[slurm-users] GPU / cgroup challenges
wiegand at ist.ucf.edu
Wed May 2 09:15:37 MDT 2018
So there is a patch?
------ Original message------
From: Fulcomer, Samuel
Date: Wed, May 2, 2018 11:14
To: Slurm User Community List;
Subject:Re: [slurm-users] GPU / cgroup challenges
This came up around 12/17, I think, and as I recall the fixes were added to the src repo then; however, they weren't added to any fo the 17.releases.
On Wed, May 2, 2018 at 6:04 AM, R. Paul Wiegand <rpwiegand at gmail.com<mailto:rpwiegand at gmail.com>> wrote:
I dug into the logs on both the slurmctld side and the slurmd side.
For the record, I have debug2 set for both and
I cannot see much that is terribly relevant in the logs.
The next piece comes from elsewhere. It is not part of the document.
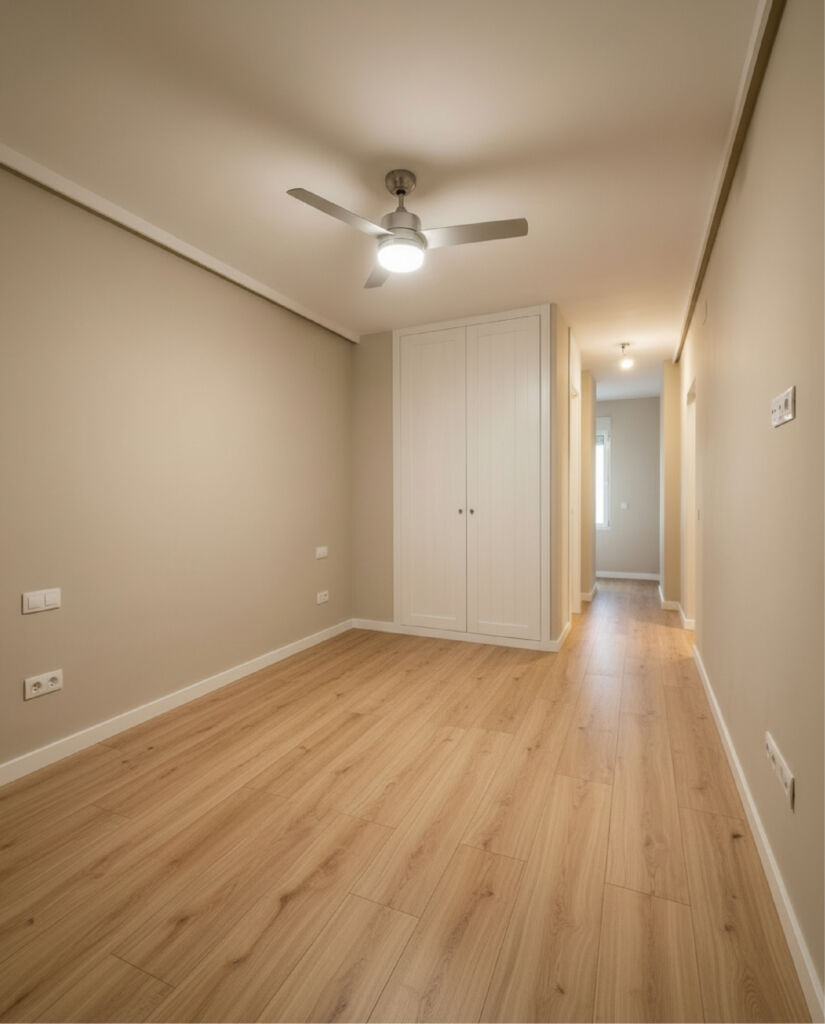 La nueva distribución potencia los espacios abiertos y la continuidad visual, permitiendo que la luz natural sea protagonista en toda la vivienda. Los acabados en tonos neutros, combinados con el pavimento efecto madera, aportan calidez y equilibrio, creando un ambiente contemporáneo y atemporal.

There's a
known parameter error reported with the memory cgroup specifications,
but I don't think that is germane.
When I set "--gres=gpu:1", the slurmd log does have encouraging lines such as:
[2018-05-02T08:47:04.916] [203.0] debug: Allowing access to device
/dev/nvidia0 for job
[2018-05-02T08:47:04.916] [203.0] debug: Not allowing access to
device /dev/nvidia1 for job
However, I can still "see" both devices from nvidia-smi, and I can
still access both if I manually unset CUDA_VISIBLE_DEVICES.
When I do *not* specify --gres at all, there is no reference to gres,
gpu, nvidia, or anything similar in any log at all. And, of course, I
have full access to both GPUs.
I am happy to attach the snippets of the relevant logs, if someone
more knowledgeable wants to pour through them. I can also set the
debug level higher, if you think that would help.
Assuming upgrading will solve our problem, in the meantime: Is there
a way to ensure that the *default* request always has "--gres=gpu:1"?
That is, this situation is doubly bad for us not just because there is
*a way* around the resource management of the device but also because
the *DEFAULT* behavior if a user issues an srun/sbatch without
specifying a Gres is to go around the resource manager.
On Tue, May 1, 2018 at 8:29 PM, Christopher Samuel <chris at csamuel.org<mailto:chris at csamuel.org>> wrote:
> On 02/05/18 10:15, R. Paul Wiegand wrote:
>> Yes, I am sure they are all the same. Typically, I just scontrol
>> reconfig; however, I have also tried restarting all daemons.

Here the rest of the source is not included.